Non-determinism in LLMs is a big concern for reliability engineers. How do you manage it?
It freaks me out too. If I spin up four sessions of Claude and ask the same thing, am I getting the same output every time? Probably two out of four. And then I have to ask myself: does it matter? The architect in me says it absolutely does. The vibe coder in me says YOLO, it works.
The honest answer is there's a time and place. For systems that need determinism, use spec-driven development. Write your context files like they're carved in stone. You can constrain what the LLM can and cannot do, and that gives you back meaningful control without eliminating the benefits. For parts of your workflow where experimentation is actually good, loosen up. The last mile — before anything goes to production — is where you reinsert the human. You can't always control the output, but you can control the input. And that's where DevOps professionals still have enormous value: bless it or veto it before it ships.
We freaked out about spot instances too, remember? Stateless, ephemeral, non-deterministic. And it turned out to be fine. We found our best practices, we built confidence in the system. Same arc here. Stay paranoid where it matters, but don't let that paranoia stop you from building.

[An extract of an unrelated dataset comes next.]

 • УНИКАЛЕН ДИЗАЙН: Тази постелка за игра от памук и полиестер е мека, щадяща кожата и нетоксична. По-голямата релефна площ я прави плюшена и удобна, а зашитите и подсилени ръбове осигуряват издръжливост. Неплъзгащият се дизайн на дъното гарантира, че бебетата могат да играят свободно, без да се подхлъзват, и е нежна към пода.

What's your advice for leaders trying to bring their teams along?
Start with self-reflection. It's really hard to stand up in front of your team and say "here's where we're going" when you don't actually believe it yourself. So do yourself the favor first — educate yourself, sit with your own skepticism, find what feels real for you. Be authentic about where you are on this ride before you ask your team to follow.
Then bring that same energy to your team, one-on-one where possible. Survey people. Get a sense of where their comfort levels actually are. Use your frontline managers. Be direct: where are you on the spectrum, and how can I enable you? Also take a step back and look at your organizational maturity. Maybe you're not ready to instrument AI across your systems yet, and that's okay — but you need to start charting that journey.

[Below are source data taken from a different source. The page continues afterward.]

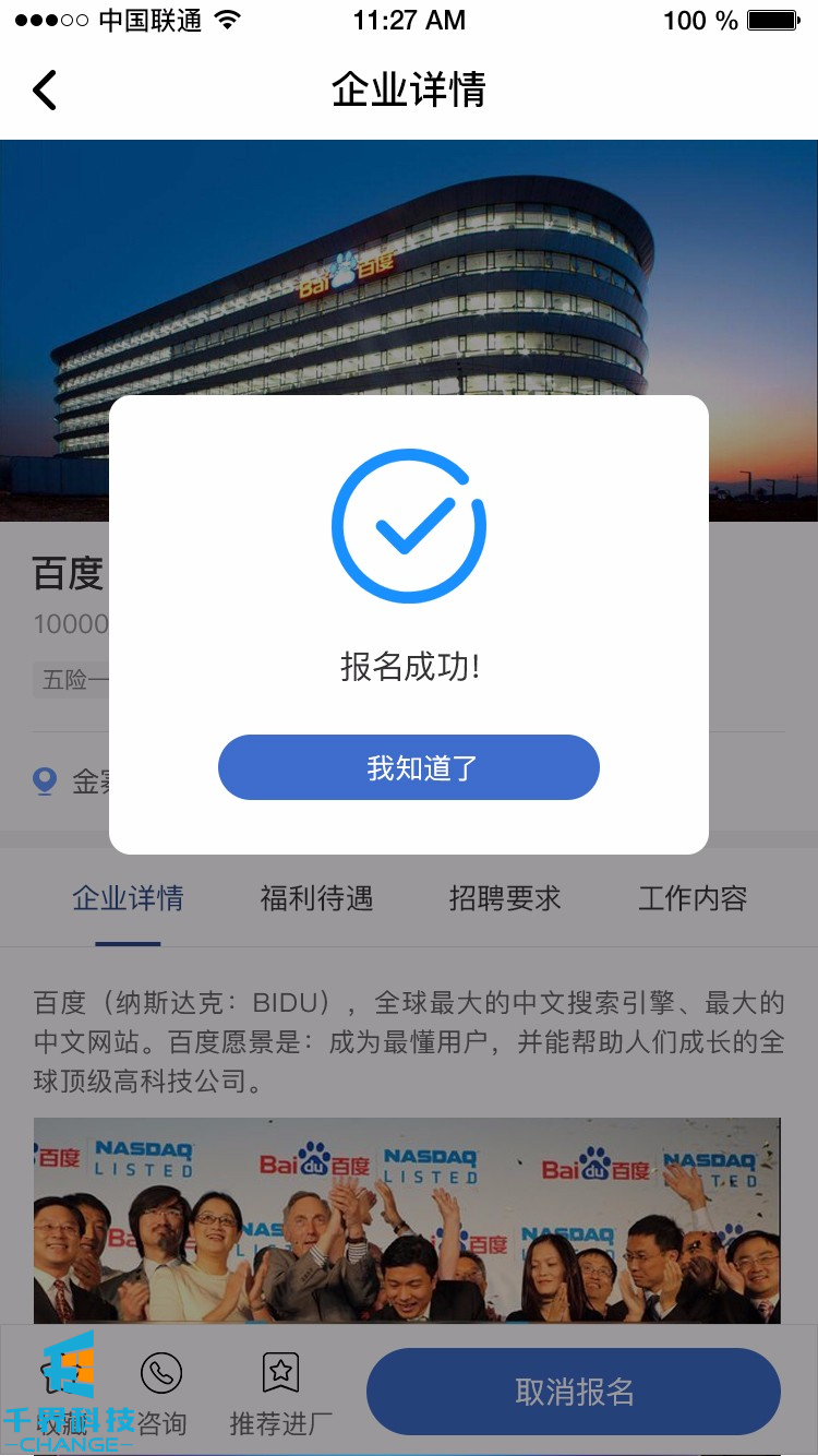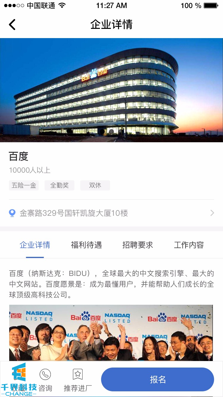 該項目是一個針對藍領招聘的app。里面包含崗位發布,在線招聘,會員繳費,推薦分銷,在線報名,崗位收藏,傭金結算,在線提現等功能。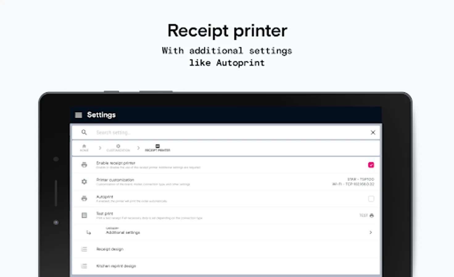 • Printers supported: Aures, Epson, USB printers, Zebra, Star, Cashino, Bluetooth printers, Esc/POS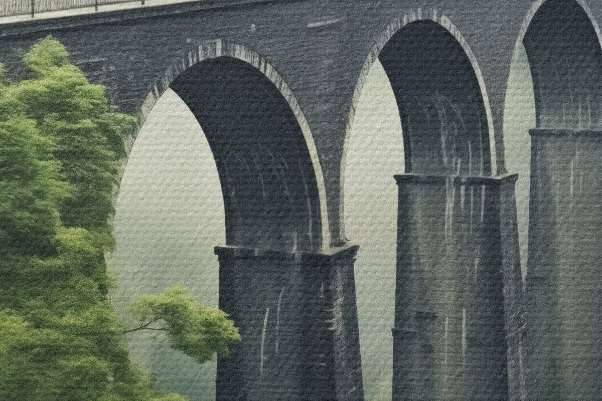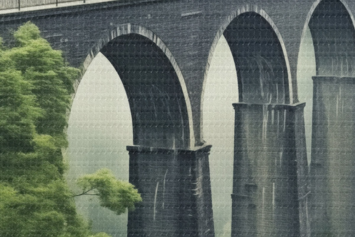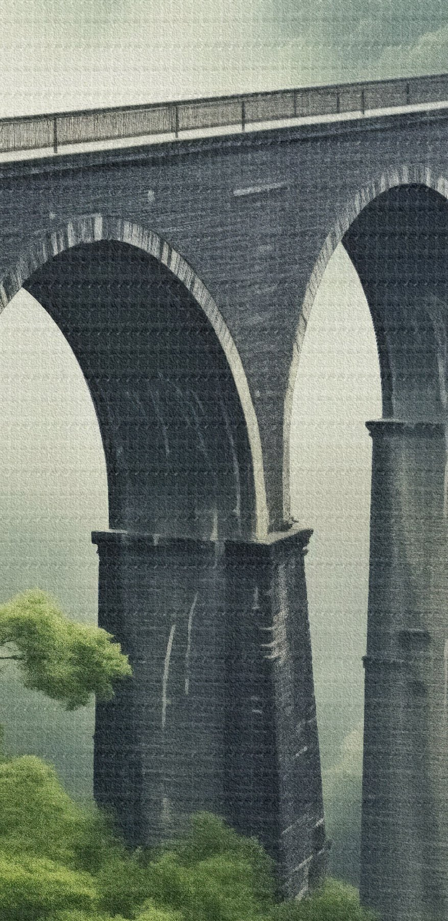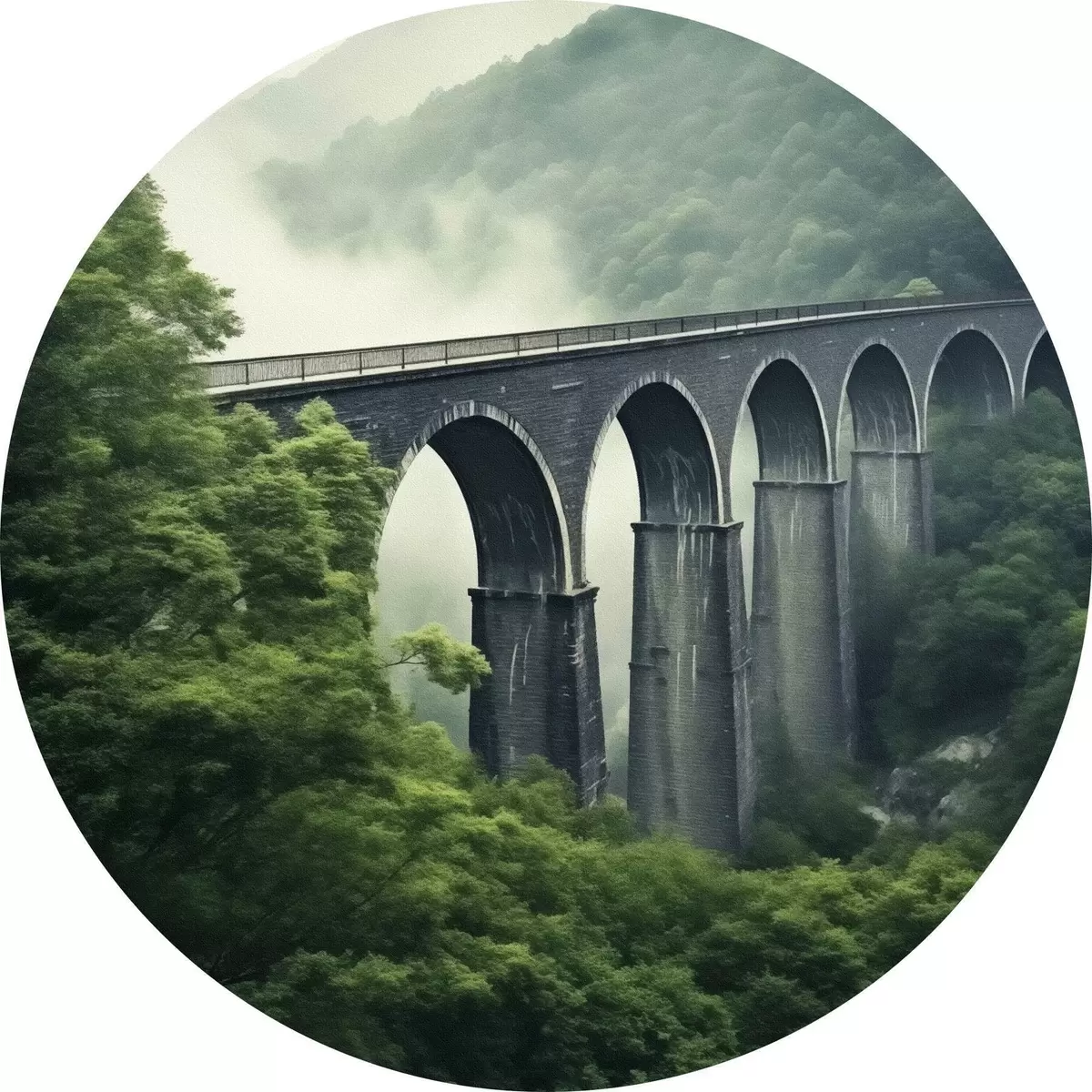 Nuotrauka Akmens viadukas virš rūko apgaubto miškingo slėnio Nr r46483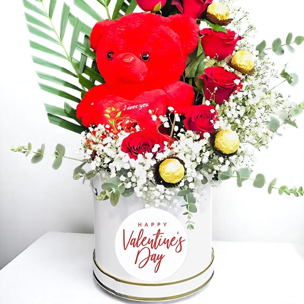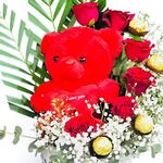 Sorprenda a su ser querido con el detalle más romántico: la Caja de Regalo Val-Combo para San Valentín. Este encantador arreglo incluye un osito de peluche rojo entre 7 rosas rojas aterciopeladas, exuberante follaje de eucalipto y delicado gypso, todo bellamente presentado en una caja premium con temática de San Valentín. Adornado con 5 exquisitos chocolates Ferrero Rocher, este regalo captura la esencia del amor, la dulzura y el cariño. Ya sea para San Valentín, un aniversario o una sorpresa romántica, esta caja es una forma encantadora de expresar su amor y hacer que esa persona se sienta verdaderamente querida. Instrucciones de cuidado: Mantenga el arreglo en un lugar fresco, alejado de la luz solar directa y del calor. Rocíe las rosas ligeramente a diario y compruebe la frescura del follaje. Los chocolates se consumen mejor en pocos días y se guardan en un lugar fresco y seco. Evite manipular el osito con frecuencia para conservar su textura afelpada.

One thing we do at Netlify: we have a dedicated hour every week where anyone in the company — any department — can come hang out, vibe code, talk about tools, share what they're reading. The goal is just to take the fear out of it. Make it human and accessible. Because at the end of the day, if you believe AI is going to disrupt people's careers — and I do — then it's your responsibility as a leader to give people the space, the time, and the support to level up. That's always been what leadership is for.